Optical separation of DL enantiomers
Labeled DL-phenylalanine was analyzed using a C18 column. The labeling reagent in the DL-Amino Acid Labeling Kit has a chiral carbon, resulting in the labeled D and L forms being diastereomers. This makes them separable on C18 columns.
* Generally, fluorescence detection is used for amino acids labeled with o-phthalaldehyde.
Detection sensitivity with mass spectrometry (MS)
Detection sensitivity was compared using labeled L-phenylalanine as the sample. Both the DL-Amino Acid Labeling Kit and dabsyl chloride had high MS sensitivity, due to their easily ionizable structures.

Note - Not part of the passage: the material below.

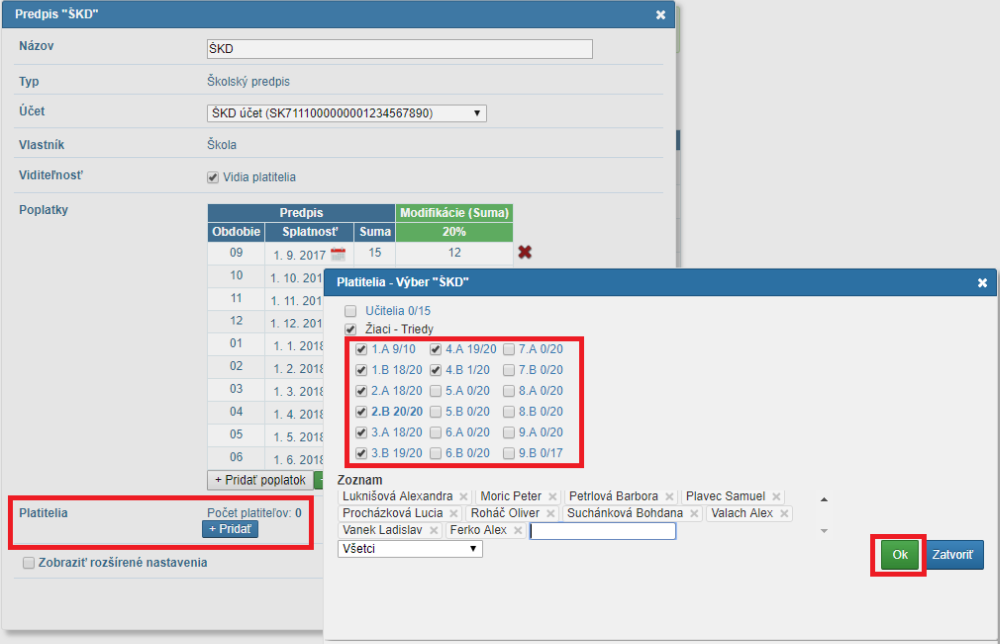 PLATITELIA = KTO MÁ PLATIŤ POPLATKY - ako priradiť predpis žiakom

Stability of labeled samples
Labeled L-phenylalanine was analyzed by HPLC 1, 3, and 7 days after labeling. The sample labeled with o-phthalaldehyde was not stable, and therefore should not be labeled manually, but rather using online analysis within the instrument.
Days after labeling | DL-Amino Acid Labeling Kit | Dabsyl chloride | o-Phthalaldehyde |
---|---|---|---|
1 | 100% | 100% | 100% |
3 | 113% | 95% | 0% |
7 | 106% | 96% | 0% |
* Analysis conditions are as in "Optical separation of DL enantiomers". The peak area measured after 1 day was taken as 100%. Samples were stored refrigerated.